If it's really inapplicable, then what's the point of not changing? Its worth is zero and since it can't change, its worth will always be zero. I actually don't completely dismiss the value of math for math's sake, but I think that applies more to simple things than the kind of baroque, ultra-complicated stuff I see mathematicians working on today. On the one hand, you could look at something like a proof by pictures of the Pythagorean theorem that doesn't require a ton of background to appreciate. I once explained it to a graduate student in music, and I could tell he was really excited. Ignoring the immense practicality of the Pythagorean theorem, that kind of mathematical beauty comes quite cheaply, and I would say it's worthwhile, just purely for the fun of it! But as you get deeper and deeper, the price of admission gets bigger and bigger. You could take a theorem like the spectral theorem of functional analysis that's pretty deep and not really accessible to laymen, but you don't exactly need to devote your life to understanding it. If you go much further than that, it gets to some unknown territory for me. Maybe I'd see more value in more math if I understood more of it, but I do have the distinct impression of having diminishing returns, as far as I did get. I don't think it's worth all the intense competition and all the insanely hard work. Not even by a long shot. Not for me, anyway. Unless it can make a difference in people's lives.
I think you're not seeing the forest through the trees when it comes to programming. Programming is very logical. The particular details of syntax are not that important. The concept of a for loop makes sense, independent of the details of how it has been implemented in various languages. It's DRY. Don't repeat yourself. If you didn't have loops, you'd have to type the same code over and over, possibly hundreds of times. The necessity of iteration can therefore be viewed almost as if it were a timeless mathematical truth. When you are stuck looking at the trees, you don't see this forest. Don't worry about the fact that it has to be
for(int i = 0; i<100; i++)
{
// do stuff
}
Who cares about that? If you learn it in C++, it's the same concept in Python, even if the exact way that you write it out is slightly different.
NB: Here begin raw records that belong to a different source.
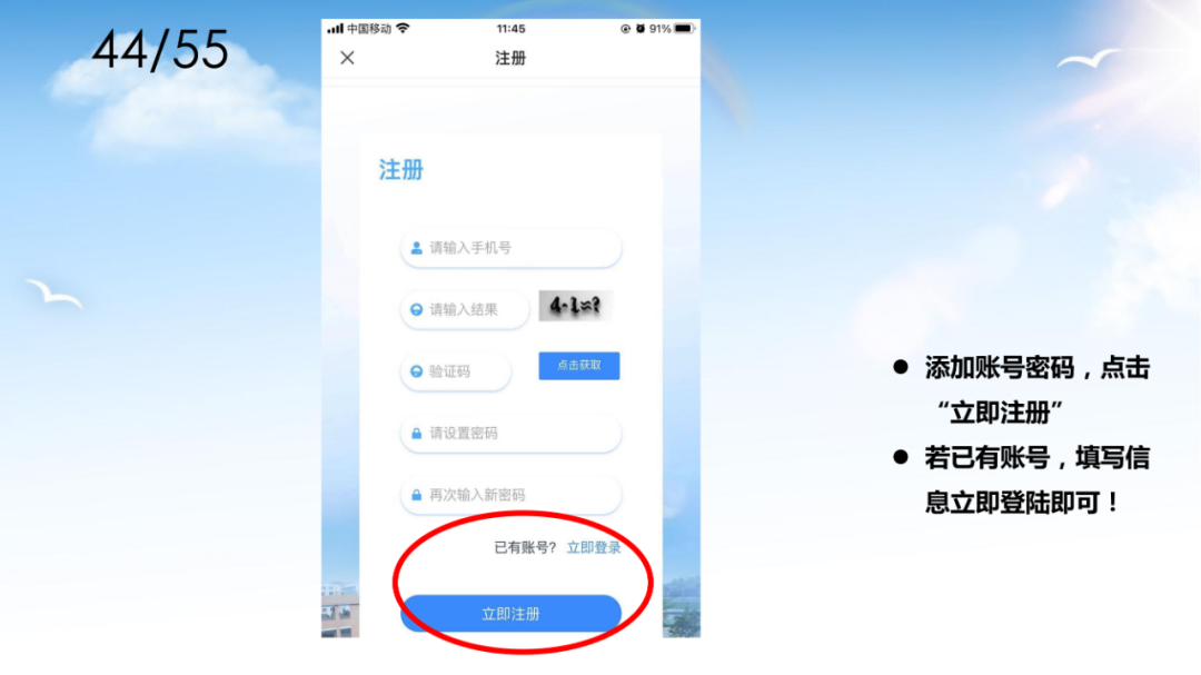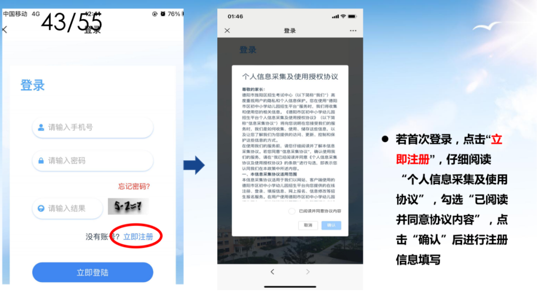 2、点击“登录/注册”(若首次登录,点击“立即注册”,仔细阅读“个人信息采集及使用协议”,勾选“已阅读并同意协议内容”,点击“确认”后进行注册信息填写);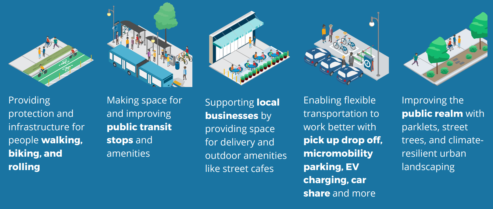 In the works since early 2022, the plan has been molded and shaped over many months of outreach and years of work to provide city leaders a toolkit for how to move forward with rethinking how those valuable spaces function to achieve broader city goals, like improved safety, vibrancy, and increased transit ridership.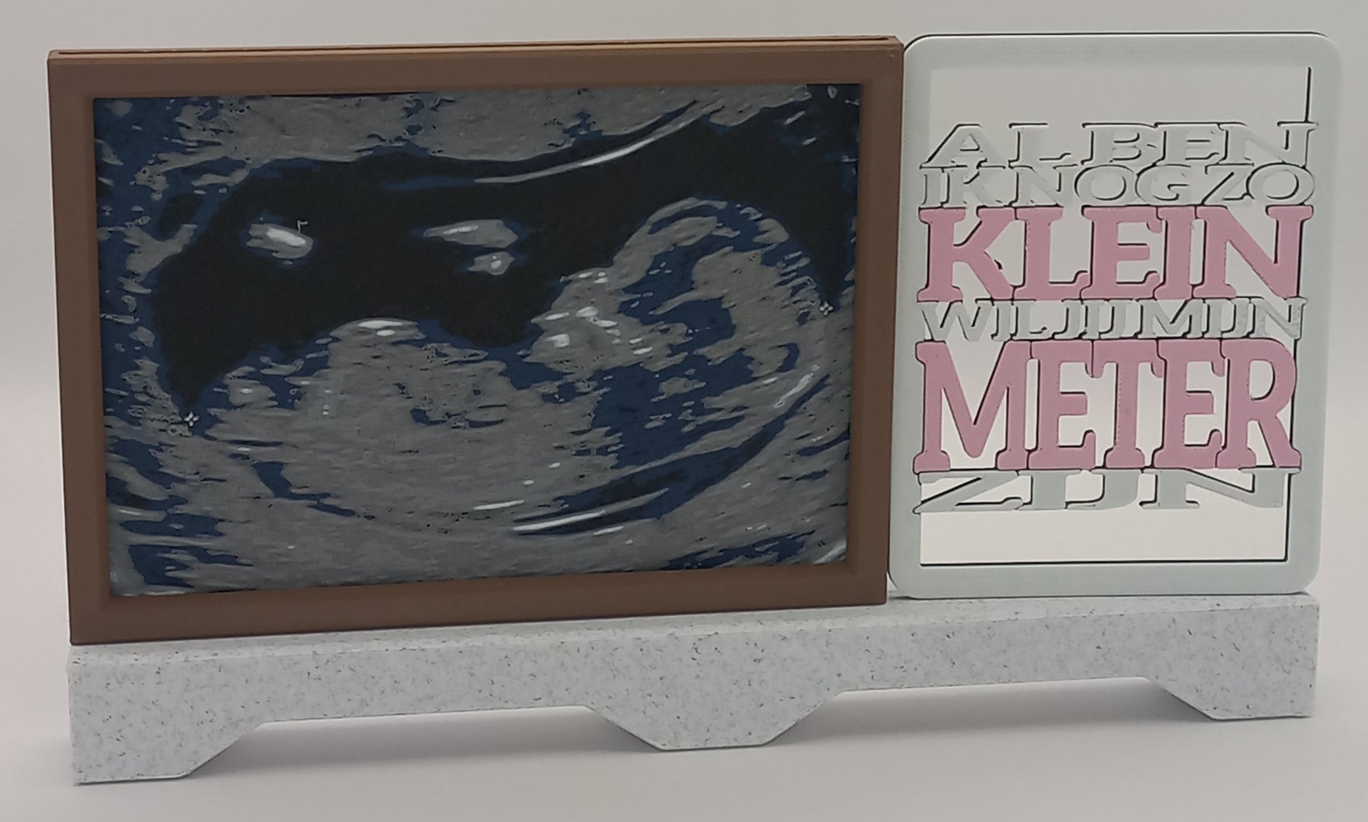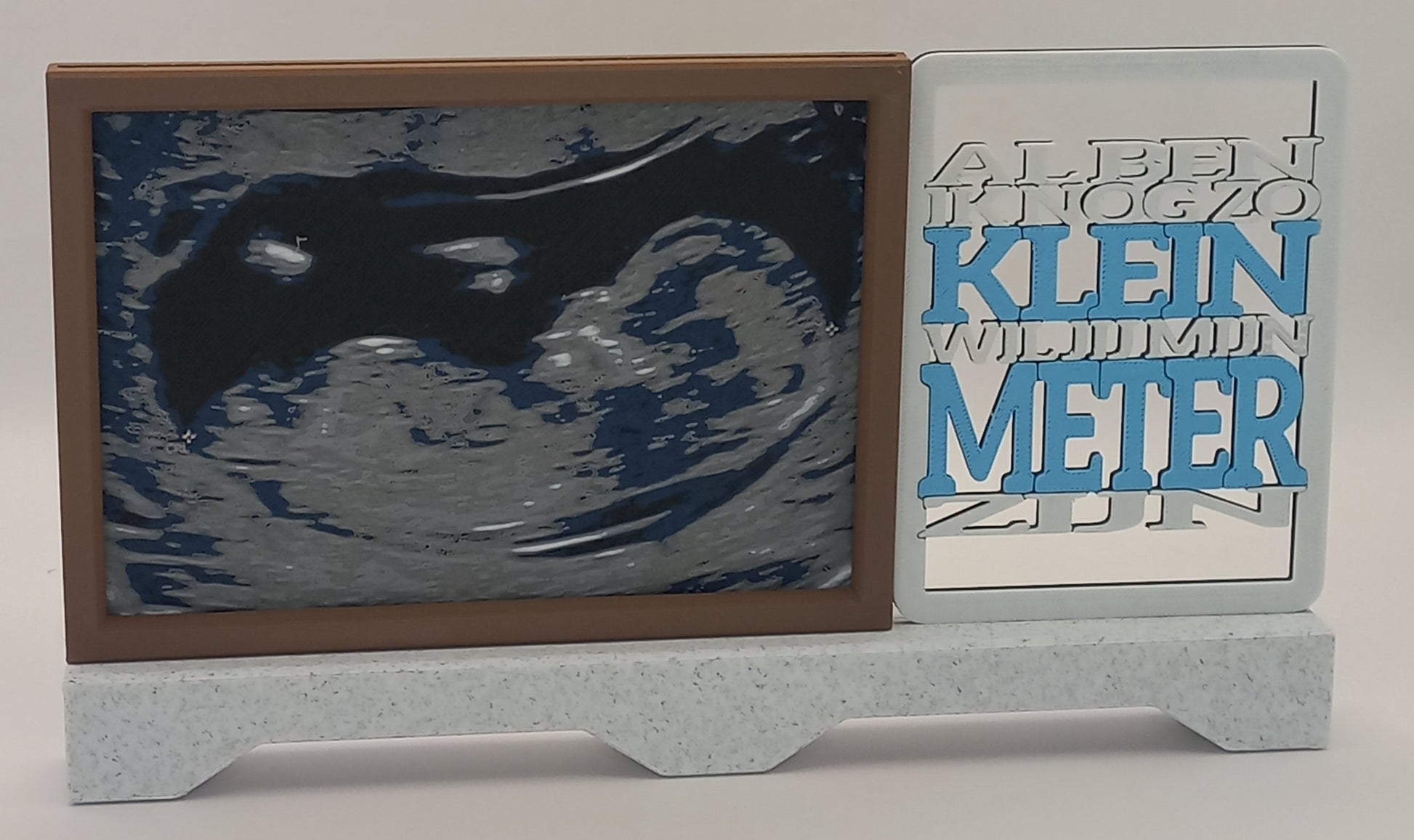 Geschenk bestaat uit een voet en frame waarin een 3D geprinte echo van jouw kleintje komt ( foto formaat 15cm op 10cm) met de daarbij horende tekst " Al ben ik nog zo klein, wilt jij mijn Meter/Peter zijn?"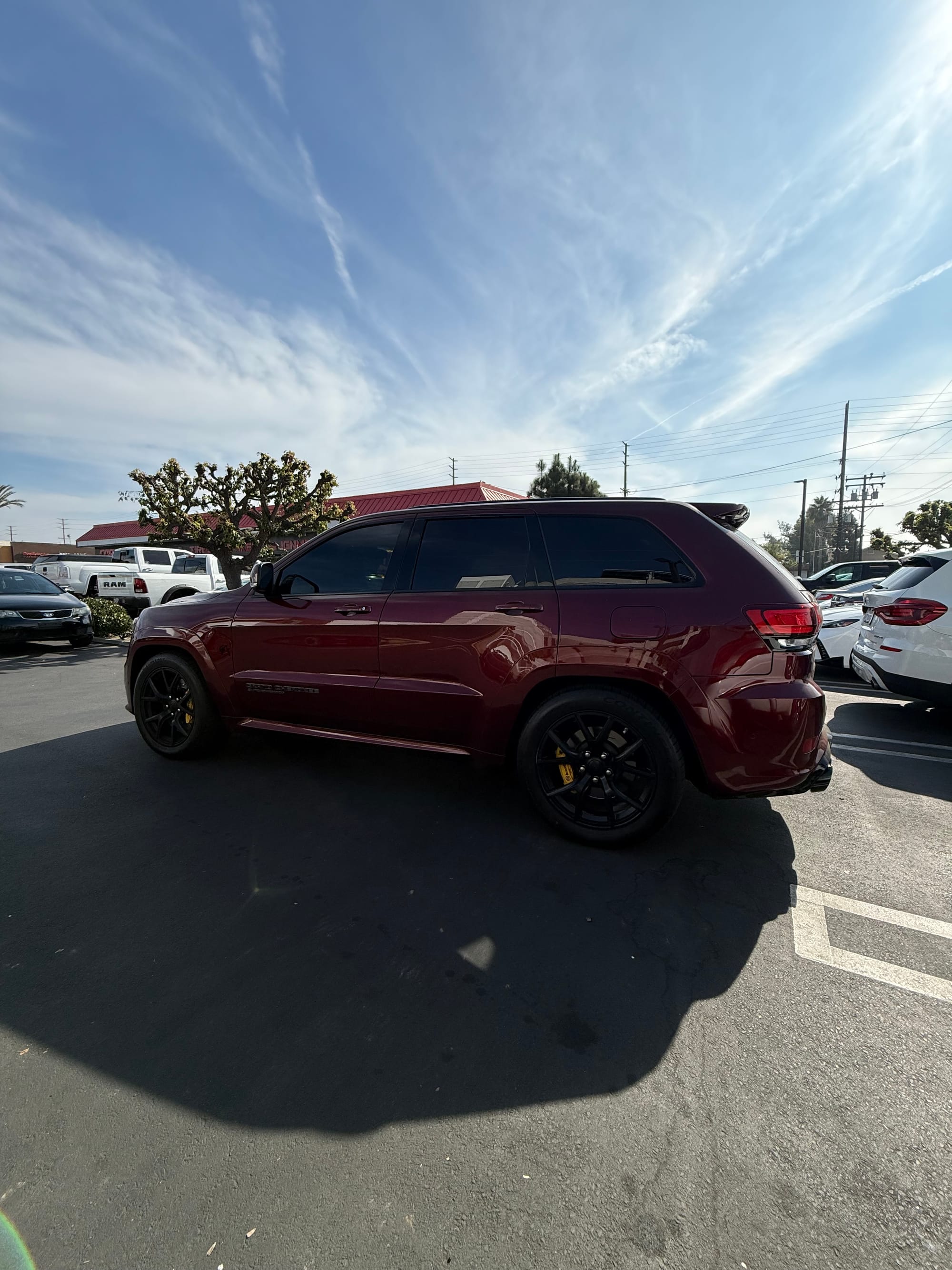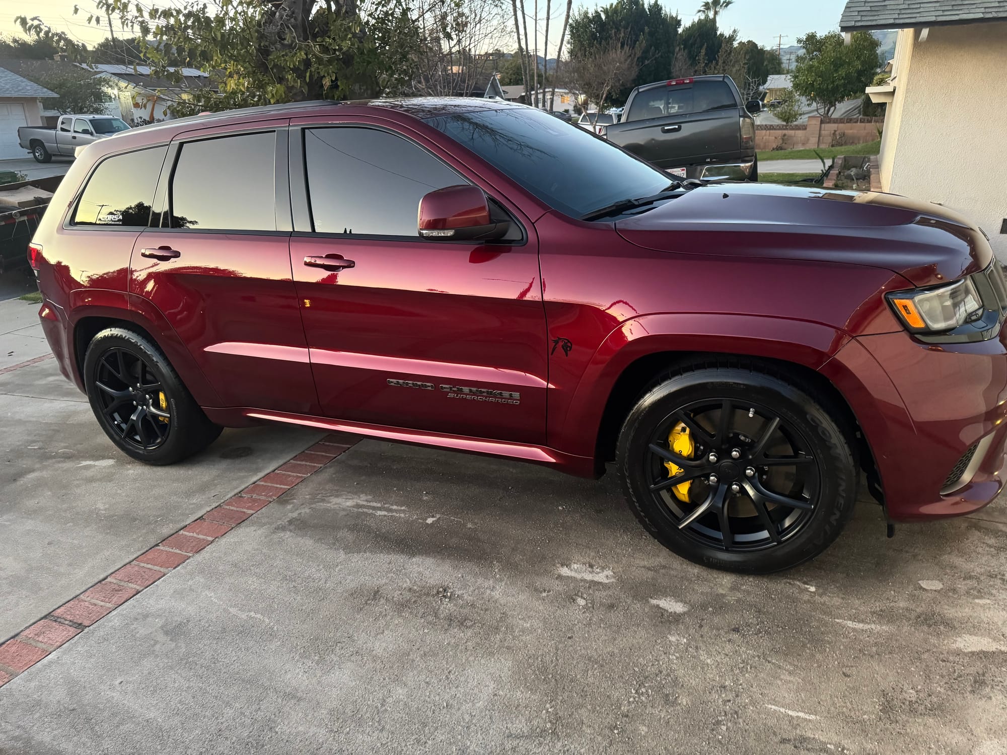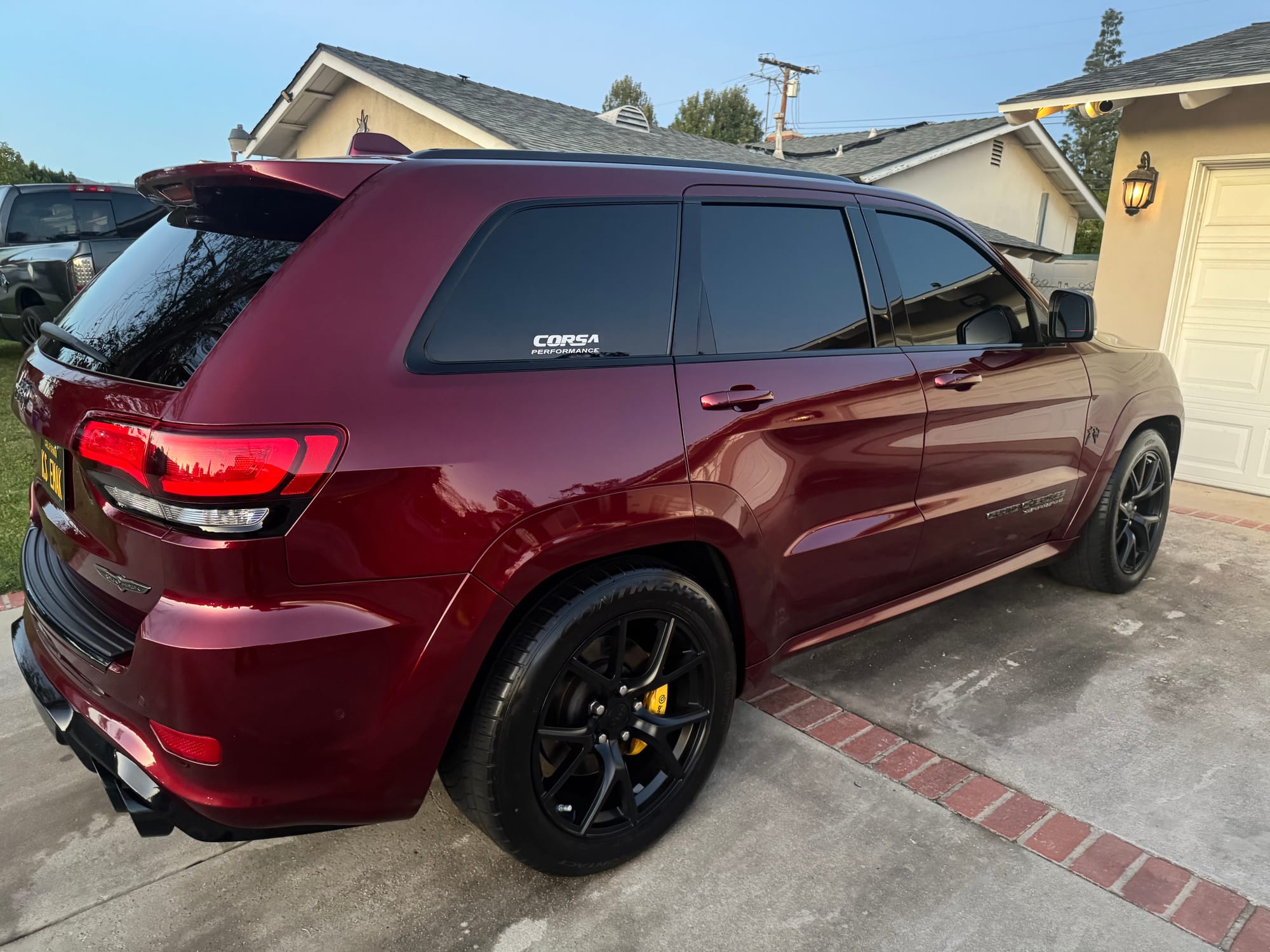 2021 Jeep Grand Cherokee Trackhawk in Velvet Red with 54,500 miles for sale! This Trackhawk packs a 6.2L HEMI that’s topped with a 2.4L IHI twin-screw supercharger, power generated from this combination is delivered to all four wheels through an 8HP95 8-speed automatic transmission. Modifications remain light with the installation of a Corsa carbon fiber cold air intake, and Corsa Performance cat-back exhaust. It’s ready to be enjoyed in its current configuration or ready for its first round of major performance upgrades! Clean title!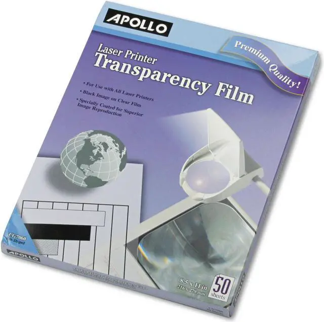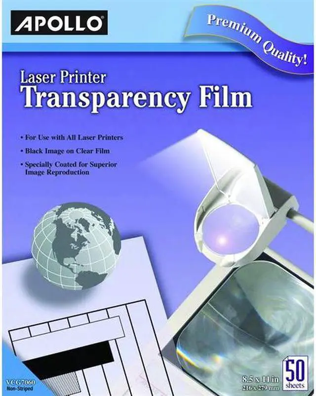 Transfer your data directly to transparency film. Compatible with most laser printers. Prints black on clear background. 8 1/2 x 11 sheets. 50 sheets per box. Color (s): Clear; Width: 8 1/2"; Height: 11".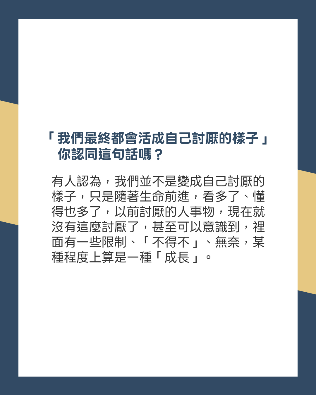 也有人認為,我們並不是變成自己討厭的樣子,只是隨著生命的前進,看得多了、懂得也多了,以前討厭的人事物,現在就也沒有這麼討厭了,甚至可以意識到,裡面有一些限制、「不得不」、無奈,某種程度上算是一種「成長」。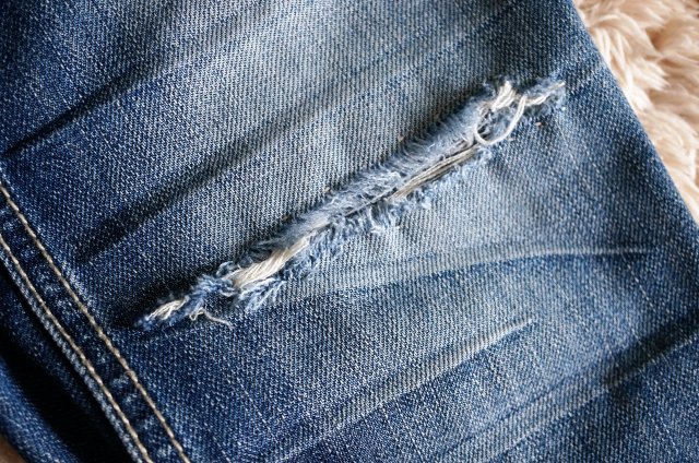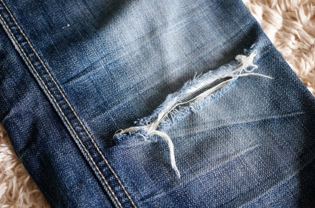 もともとダメージ仕様だったのですが、そのままはいてたらしゃがむ毎に穴が広がっていったので補修することに。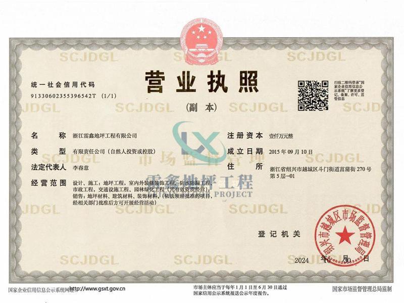 浙江雷鑫地坪工程有限公司是一家集研发、生产、销售、整体地坪施工与涂料一体化的现代化专业公司,公司位于浙江省绍兴市越城区,公司秉承诚信、质优、专业的理念,以质量为先、服务对象满意至上、崇精尚专的企业文化不断完善自我,提高自我。公司立足绍兴,辐射全国,多年来参与浙江省核心项目以及多起国家大型项目的设计与建设。公司拥有国内外先进水平的混凝土地坪仪器,混凝土面层施工的各种大、中、小型进口设备及地坪碾磨机械等设备,拥有一支领略时代代表中国高标准的专业地坪施工队伍。
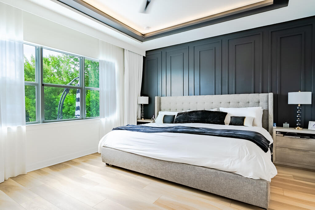 Long or short term(4 months min) non-furnished rental. Also for sale: RX-11023246. Come check out this property, boasting luxury and top tier finishes, This NEW construction home offers both functionality and elegance. The combination of lake views, a corner lot on a cul-de-sac, and a pool oasis makes for a serene and inviting atmosphere. 3 bedrooms(PLUS 2 flex rooms-a den and sunroom, 4 bathrooms, plus the 3 car garage is a show stopper! Equipped with luxury vinyl plank (LVP) flooring. Every bathroom, including the cabana bath is designed with full height wall tile and porcelain tile floors. The primary suite is a true retreat, featuring a grand walk-in closet with custom built-ins, tray ceiling with custom lighting, a board and batten wall feature and more.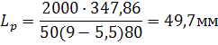 Приймаємо довжину L=Lp+b=33,4+16=49,4мм, зі стандартного ряду L=50мм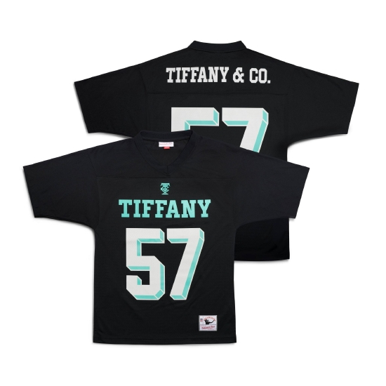 此外,为致敬品牌为标志性体育赛事手工制作奖杯的悠久历史,同时庆贺第57届超级碗®的举办,蒂芙尼还与知名复古运动品牌Mitchell & Ness携手推出限量款橄榄球衣,并已于本月初在蒂芙尼美国官网进行发售。该限量款球衣采用数字“57”作为醒目装饰元素,不仅致敬位于纽约第57街的蒂芙尼第五大道旗舰店,亦巧妙呼应第57届超级碗®。标志性蒂芙尼蓝(Tiffany Blue®)与经典“T&CO”标识点缀其上,更于细节中彰显蒂芙尼独树一帜的美学理念。同时,球衣包装也采用了限量版蒂芙尼蓝色礼盒(Tiffany Blue Box®),印有蒂芙尼与Michell & Ness双品牌标识。

It's a form of engineering. Do you think if someone designs a car that they had to make every piece exactly the way they did or was there some wiggle room? Obviously, there was some wiggle room--just look at all the different kinds of cars out there. And math is that way to some degree, too. A proof doesn't have to be done exactly the way they did it. There may be 50 different ways to prove the same thing. Which way do you choose? As it turns out, the choice in the way the same piece of mathematics is proven can evolve over time.
Plus, a PhD in maths would allow you to enter academia, where you would age like wine as an employee (tenure = unfirable). Programmers age like fruit - at 40+, your value as an employee drops like a rock.
I have a PhD in math and to put it in Biblical terms, it would be easier for a camel to pass through the eye of a needle than for me to enter academia. Except as an adjunct, but I'm not sure that's any better than flipping burgers, prestige aside--there's definitely no aging like wine there.
I'm not sure it's really true that programmers age like fruit. Especially someone like me because if I break into programming, my math expertise will open a lot more doors when combined with being able to say I worked professionally using Java or C++ for X years.